At the end of the film, Dariko and her cameraman have a frank conversation with Jashi. The two question the filmmaker's motives to film rundown buildings, rather than beautiful tourist sites that they believe would better represent modern Georgia to Western Europe. Jashi explained to Documentary that perhaps the protagonists, akin to the rest of the local community, want to perform their best selves, as they are acutely aware of how they are perceived by the outside world. Here the stage is of primary importance as Georgia turns away from its post-Soviet past to face a European future. However, what they attempt to present is "the crooked version of the civilized world, where the bigger world is the role model, which they aspire to and attempt to copy, albeit with their own resources." Jashi presumed that the community may not have been ready for such a different representation of itself. "The local government regarded us as some special agents," she recalled. "TV crews used to come to their town to film nature and the churches. We were interested in the everyday life of the people, in the backstage. The backstage was interesting to us."

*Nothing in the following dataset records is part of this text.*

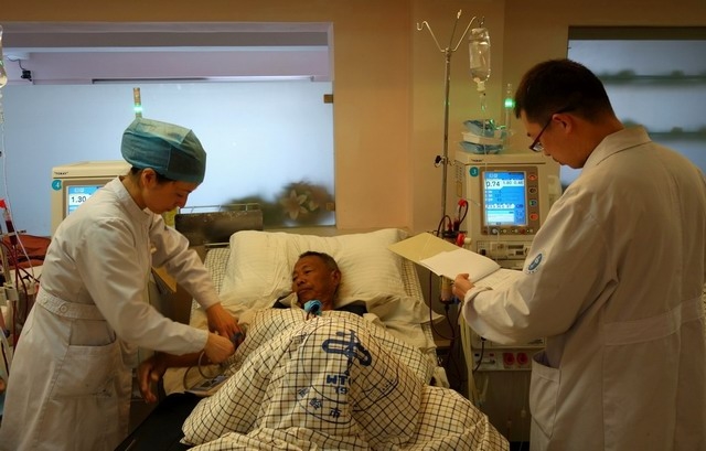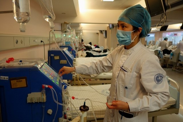当日是大年初一,浙江省温岭市中医院血透中心15名医护人员坚守岗位,为110多名尿毒症患者实施血透治疗,解除病痛。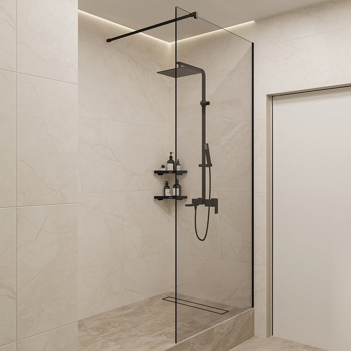 Душевая перегородка STWORKI Берген 120 см, профиль черный матовый, прозрачное стекло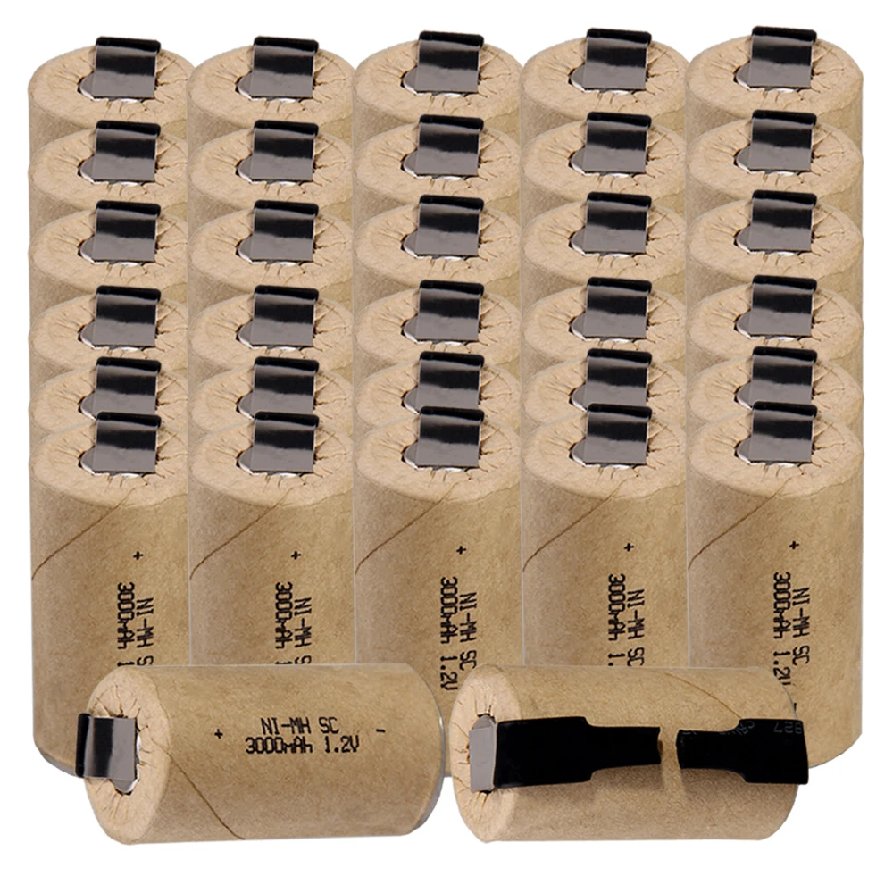20 pcs SC 3000mah 1.2v battery NIMH rechargeable batteries for electric screwdriver electric drill 4.25cm*2.2cm for power tools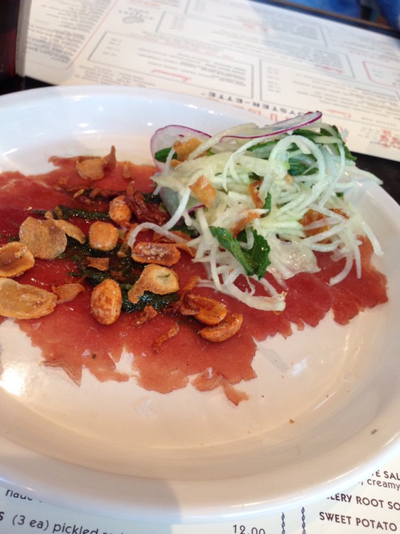 which was thin (like a carpaccio), with a Thai herb salsa verde, jalapeños, green papaya, peanuts and crispy shallots. The tuna was pounded paper thin and the mix on top really added to the flavor. One thing to pay attention to – food comes out as it is ready (not necessarily in the sequence you ordered it) and the plates are designed to be share-able.

Echoing Jashi's sentiments, Zaza Rusadze also spoke about the dramatic nature of Georgia, where the stage is at the center of Georgian lives: "Georgia is a dramatic country. Its character is quite theatrical. The nature is very diverse and the rivers are fast-flowing. There is a lot of temperament in our country. We dance, we sing. Georgia is also a country on the crossroad between Asia and Europe. These extremities create a vibrant energy. Being on the crossroad and having been politically juggled around by big powers has created our own cinematic language. This Georgian temperament is reflected in the kind of questioning posed by Georgian filmmakers, which is very lively." However, Rusadze went on to caution against the using the archetypes of success to reach global audiences. "We might have figured out the recipe on how to cater to the needs of the Western market," noted the filmmaker. "It is both rewarding and dangerous as Georgian films may lose their unique strangeness, which is most stimulating."
Sevara Pan is a Berlin-based film journalist and writer. She previously wrote for the leading European documentary magazine DOX, an initiative by European Documentary Network, and worked on the award-winning Pipeline (Dir.: Vitaly Manski) and The First Sea (Dir.:Clara Trischler).